*The task*: Images should not appear in the copy, yet every line of the listing below must be printed exactly.

*Supplied data*:
%%

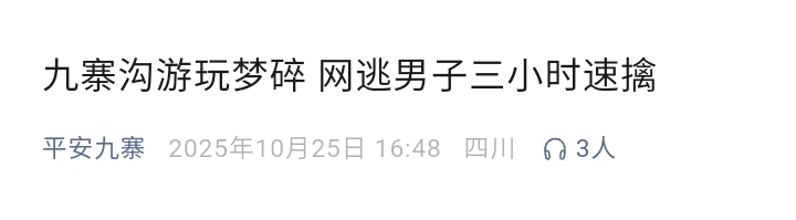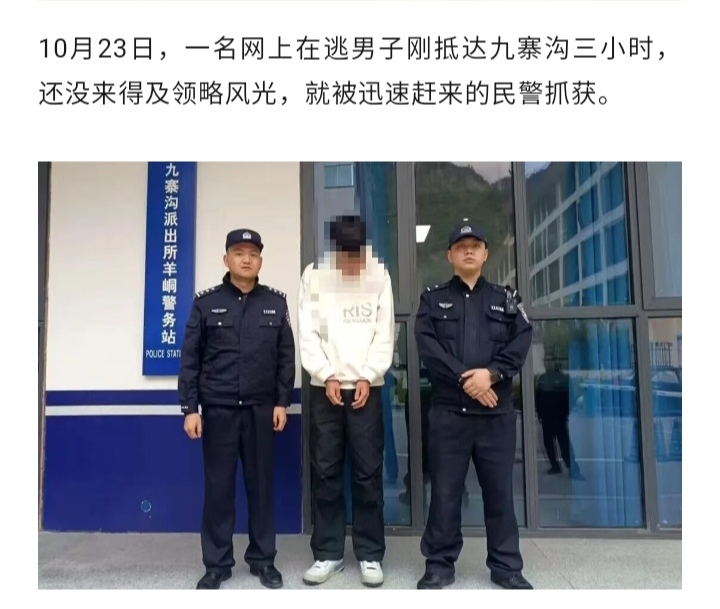10月23日,一名在逃男子刚抵达九寨沟3小时,还没来得及领略风光,就被迅速赶来的民警抓获。据悉,该男子因涉嫌盗窃罪,于2025年10月17日被江西南昌警方列为网上追逃人员。
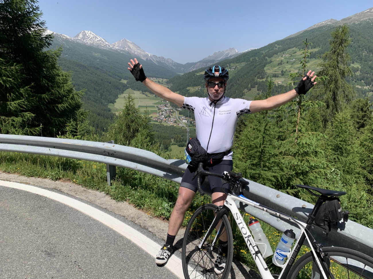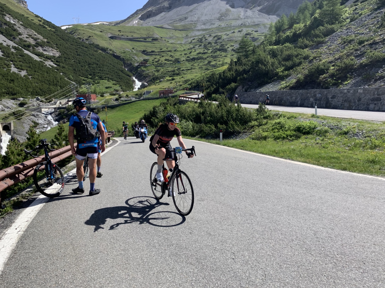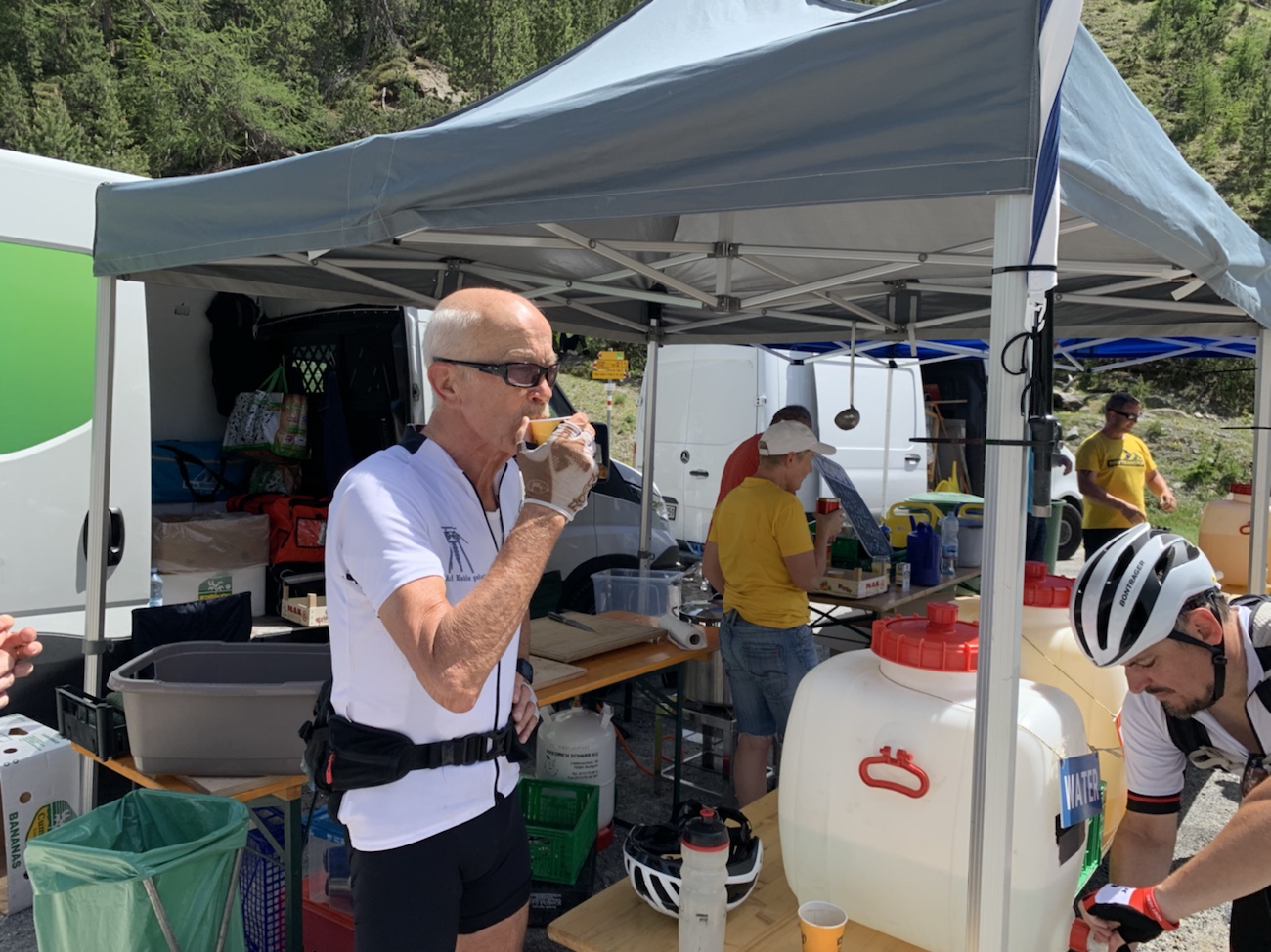 Den Ofenpass rauf gibt es für uns einen Shuttlebus, dass heißt 2,5 km im Besenwagen mit Manftred und Christian – die Engel für uns.
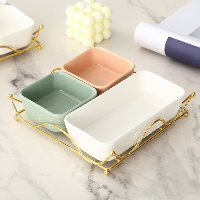 ceramic grid snack plate snack plate candy flat ware nordic fruit dried fruit nuts tea cake tray
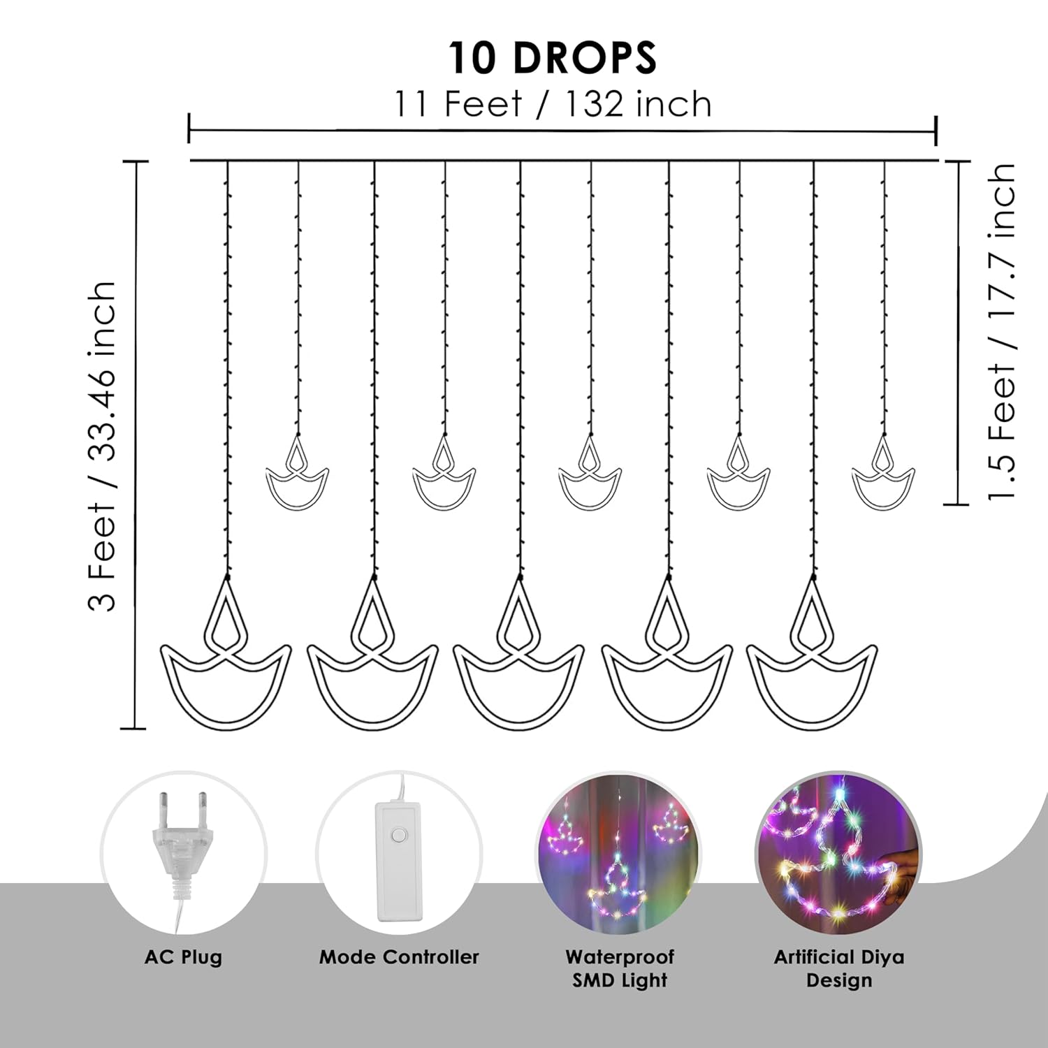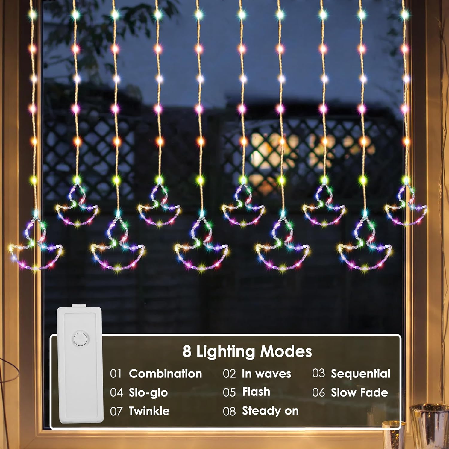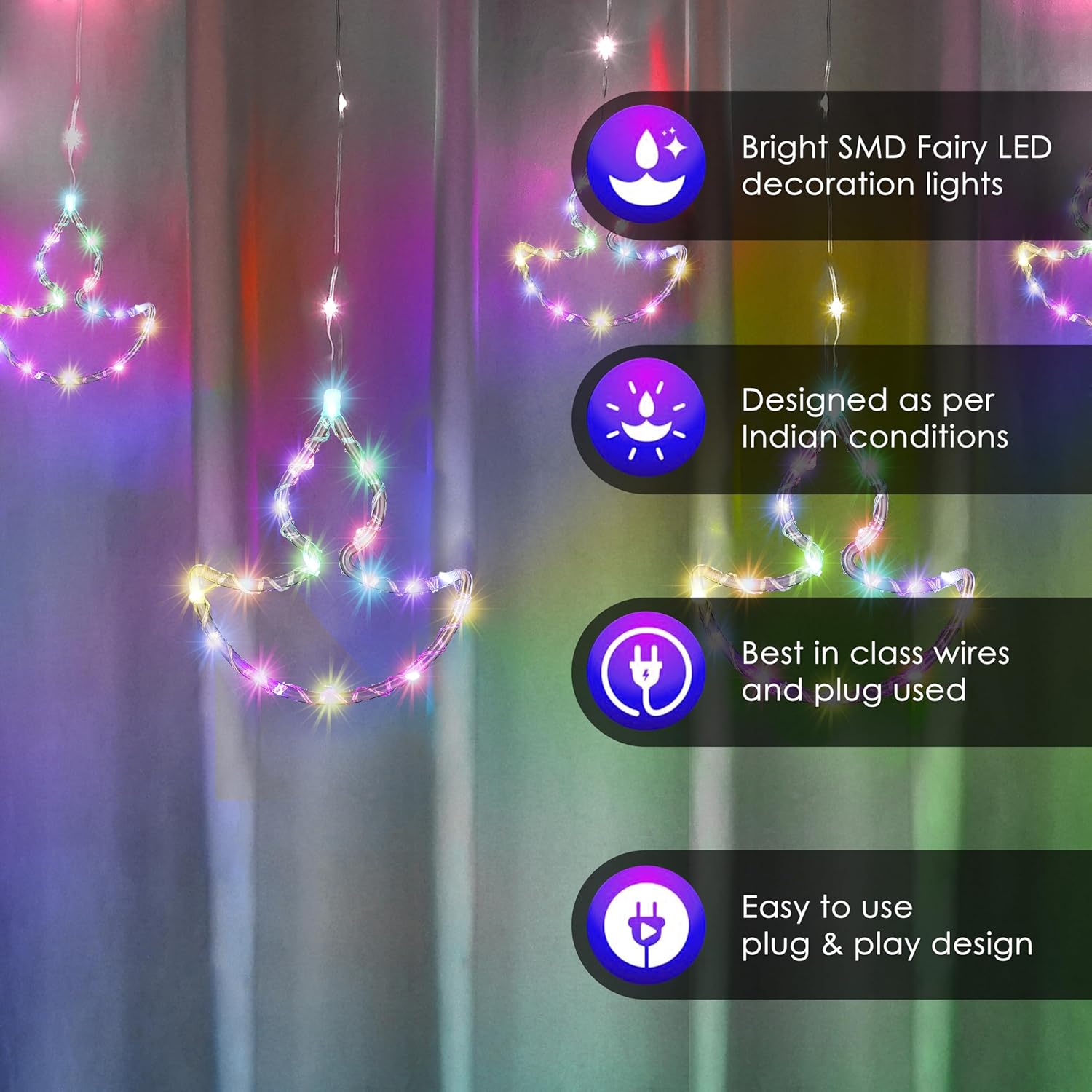 Waterproof Diya Curtain Lights – 5+5 Neon Stars, 8 Modes Decorative String

%%

*Response area*:
10月23日,一名在逃男子刚抵达九寨沟3小时,还没来得及领略风光,就被迅速赶来的民警抓获。据悉,该男子因涉嫌盗窃罪,于2025年10月17日被江西南昌警方列为网上追逃人员。
 Den Ofenpass rauf gibt es für uns einen Shuttlebus, dass heißt 2,5 km im Besenwagen mit Manftred und Christian – die Engel für uns.
 ceramic grid snack plate snack plate candy flat ware nordic fruit dried fruit nuts tea cake tray
 Waterproof Diya Curtain Lights – 5+5 Neon Stars, 8 Modes Decorative String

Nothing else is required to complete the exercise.